Here's a breakdown of the available information and why other points are not present:

1. Table of Acceptance Criteria and Reported Device Performance:

Explanation: For a 510(k) submission like this, "acceptance criteria" are primarily established by demonstrating substantial equivalence to a legally marketed predicate device. The performance criteria are therefore implied to be met if the new device performs comparably to the predicate for its intended use. Bench testing of mechanical properties (motor speed, torque) is mentioned as evidence of safety and effectiveness, which are the fundamental requirements.

Information NOT available or NOT applicable based on the provided document:

• 2. Sample size used for the test set and data provenance: Not applicable. The document refers to "bench testing" on mechanical properties, but details such as sample size, specific test configurations, or data provenance (country, retrospective/prospective) are not provided. This is not a clinical study with a "test set" in the sense of patient data.
• 3. Number of experts used to establish ground truth and qualifications: Not applicable. There is no mention of "ground truth" established by experts in this context as this is a mechanical device, not an AI or diagnostic tool.
• 4. Adjudication method: Not applicable. No expert review or adjudication process is described.
• 5. Multi-reader multi-case (MRMC) comparative effectiveness study and effect size: Not applicable. This type of study is for diagnostic devices where human readers interpret data, often with AI assistance. The SMARTO is a surgical motor.
• 6. Standalone (algorithm only without human-in-the-loop performance) study: Not applicable. The SMARTO is a physical surgical tool, not an algorithm.
• 7. Type of ground truth used: Not applicable. Ground truth typically refers to a definitive diagnosis or outcome for a diagnostic or AI study. For a surgical motor, the "truth" is its mechanical performance and functional safety.
• 8. Sample size for the training set: Not applicable. There is no AI model or algorithm being trained.
• 9. How the ground truth for the training set was established: Not applicable. No AI model or training set.

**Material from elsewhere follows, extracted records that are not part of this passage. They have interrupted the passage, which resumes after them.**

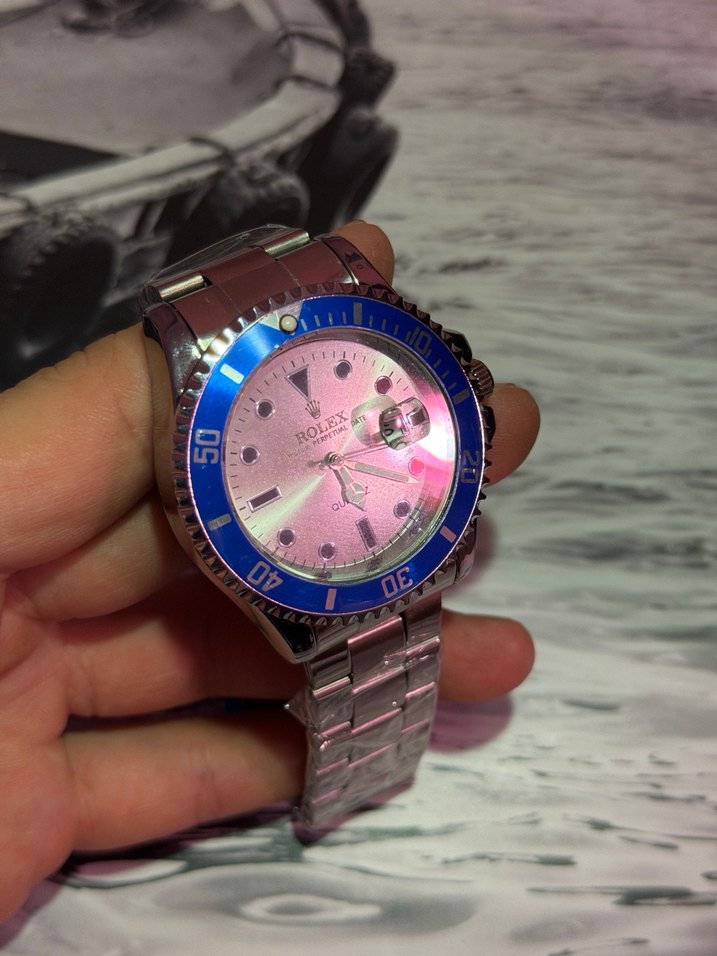 Bu erkek kol saati, pembe kadran ve mavi bezel ile renkli bir tasarım sunar, klasik stil ile streetwear etkisini birleştirir. ⌚
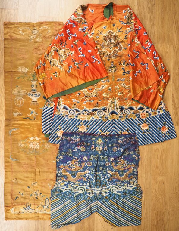 Lot comprenant : - Robe chinoise fin du XIXème en soie et lin brodé sur fond corail décor de dragons, de nuages et de pics montagneux. (ensollée) - Elément de vêtement en Kesi - Panneau en soie et lin brodé
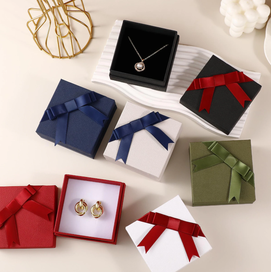 PUPPYSEW 9.5 * 9.5 * 3.5cm Textured Ribbon Gift Box Custom Necklace Box with Microfiber Bag Jewelry Packaging Paper Box with Sponge Personalized Logo
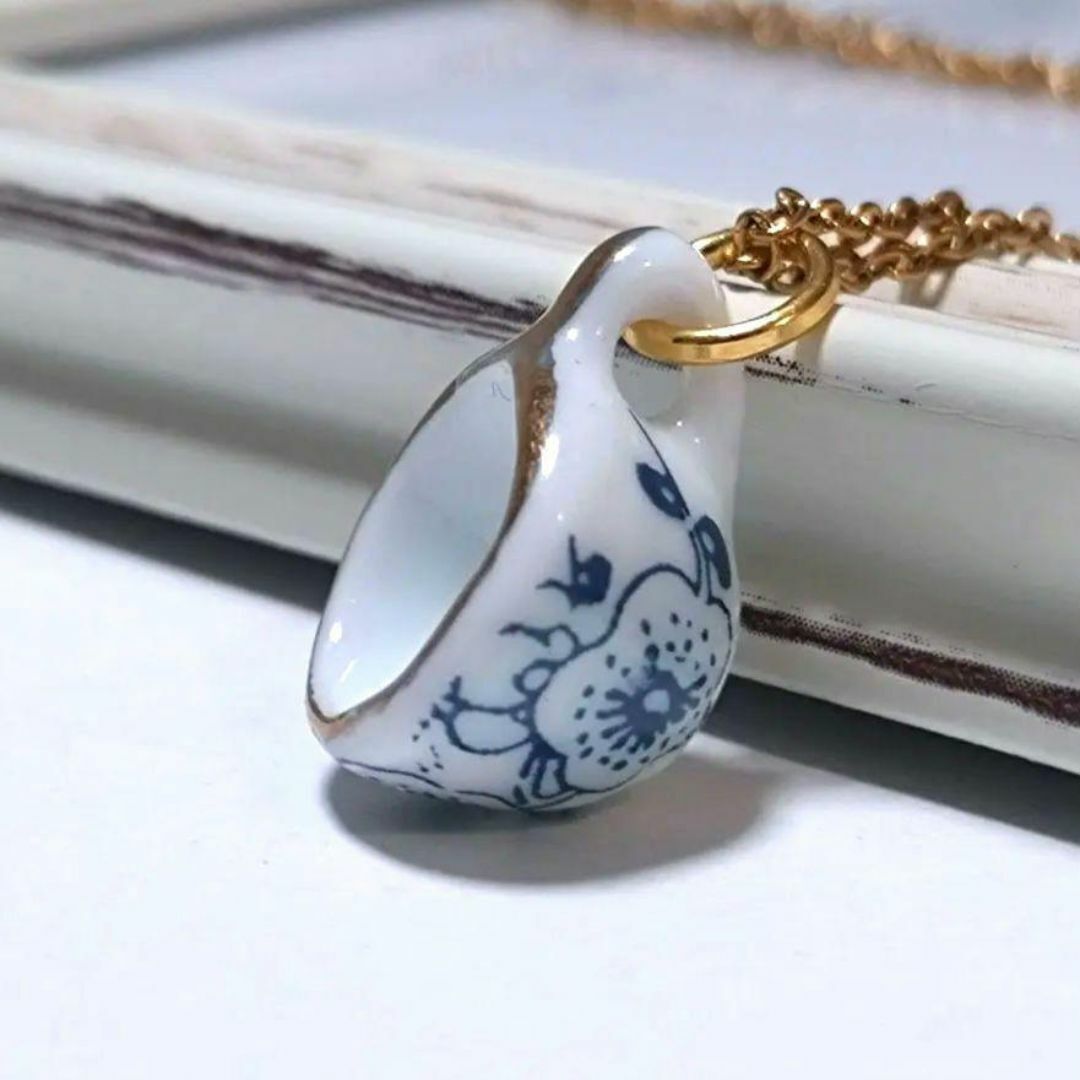- 【1/12】カワイイ 青い花柄のティーカップの小さなネックレス セラミック
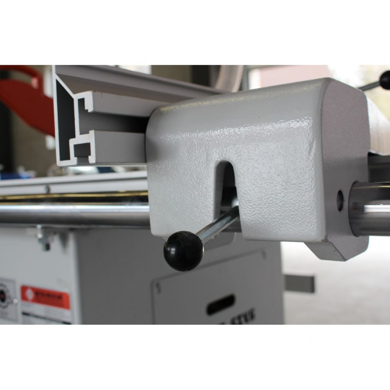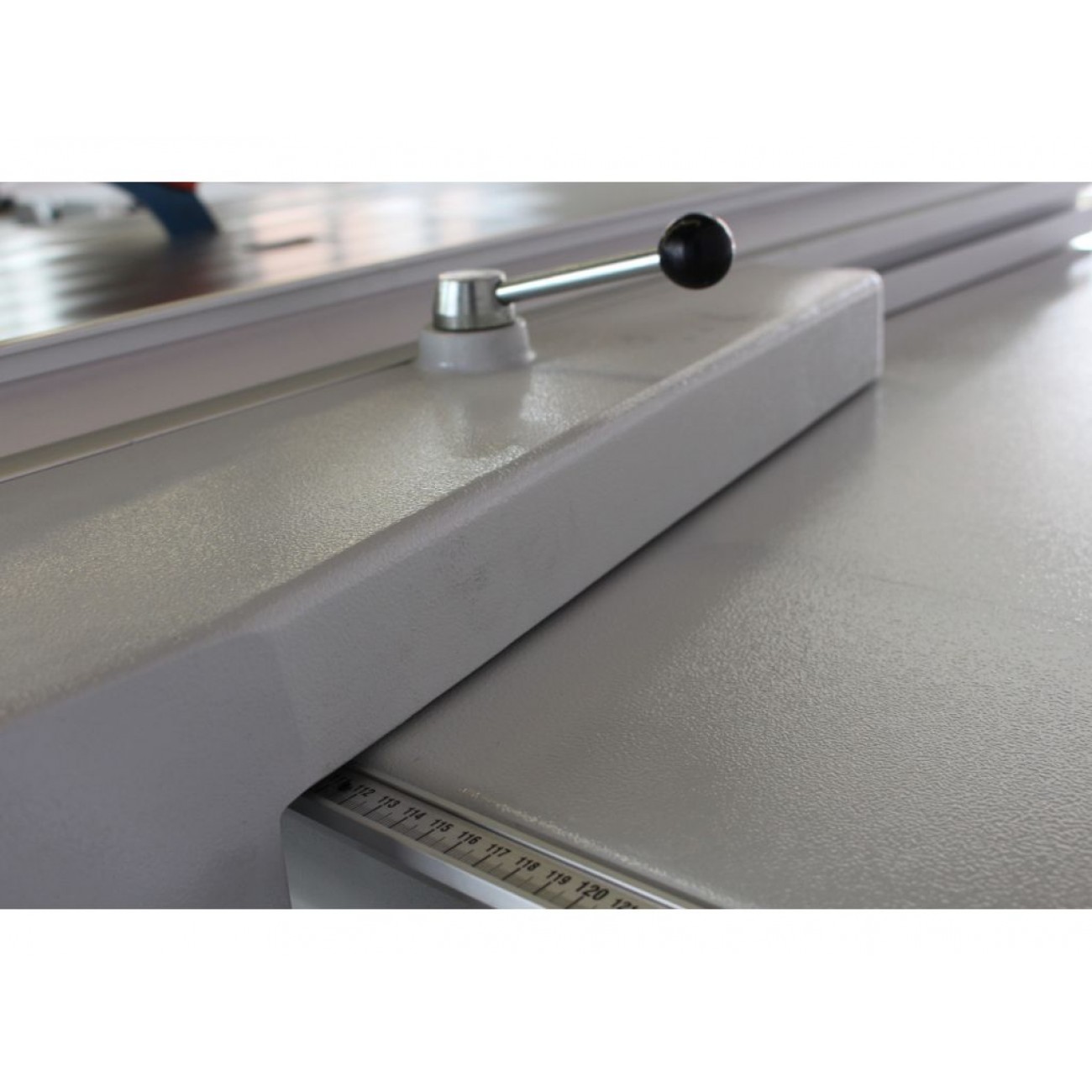 ДОДАТКОВА ЛІНІЙКА Для кутових різів в базову комплектацію верстата входить кутова лінійка, яка поставляється разом з ексцентриковим притиском. Ексцентриковий притиск встановлений поряд з поперечною лінійкою. |
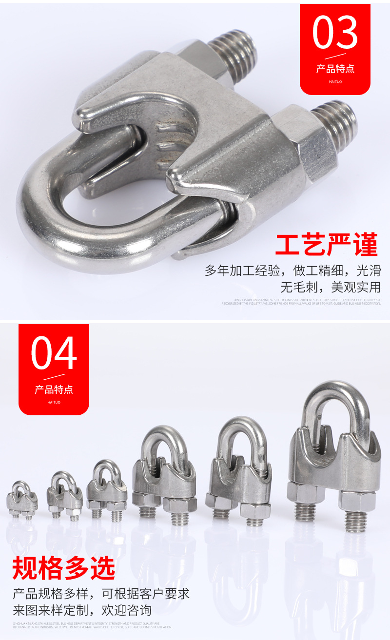 Зажим для троса из нержавеющей стали 304, U-образный зажим-натяжитель, производитель, на заказ, спиральный
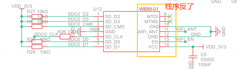 - 原理图符号画错,导致PCB板与模组的连接出现问题,模组没有上电。
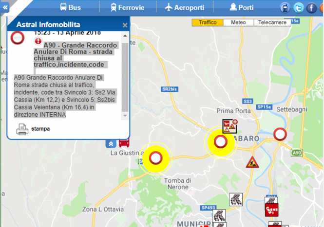 Anas comunica che sul Grande Raccordo Anulare di Roma il traffico è temporaneamente bloccato a causa di un incidente in prossimità delle uscite “SS2bis Cassia Veientana/Viterbo” e “Ospedale Sant’Andrea” (km 16,500) in carreggiata esterna. Alle 15:00 il traffico è stato temporaneamente interrotto in entrambe le carreggiate (ora riaperte come visto, ndr) per consentire l’intervento dell’eliambulanza
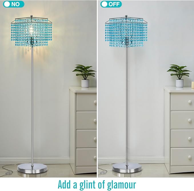 Luvkczc Crystal Floor Lamp Blue, 64" Tall Elegant Standing Lamp with On-Off Foot Switch, Double-Layer Lampshade, Light Blue Standing Lamps for Living Room, Bedroom, Office, 8W Bulb Included
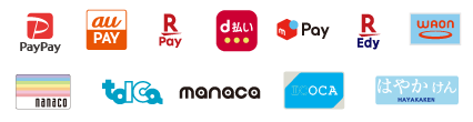クレジットカード(VISA・mastercard・JCB・アメリカンエキスプレス・ダイナーズクラブ・ディスカバー)QR決済・電子マネー(PayPay・auPAY・楽天Pay・d払い・メルペイ・楽天Edy・QUICPay・iD・nanaco・WAON・交通系IC)がご利用いただけます。

In summary, the provided document is a 510(k) summary for a surgical motor. Its primary goal is to establish substantial equivalence through bench testing of mechanical properties and comparison of intended use, technology, energy source, claims, and material composition with a predicate device. It does not contain the detailed study information typically associated with AI/ML devices or complex clinical performance studies.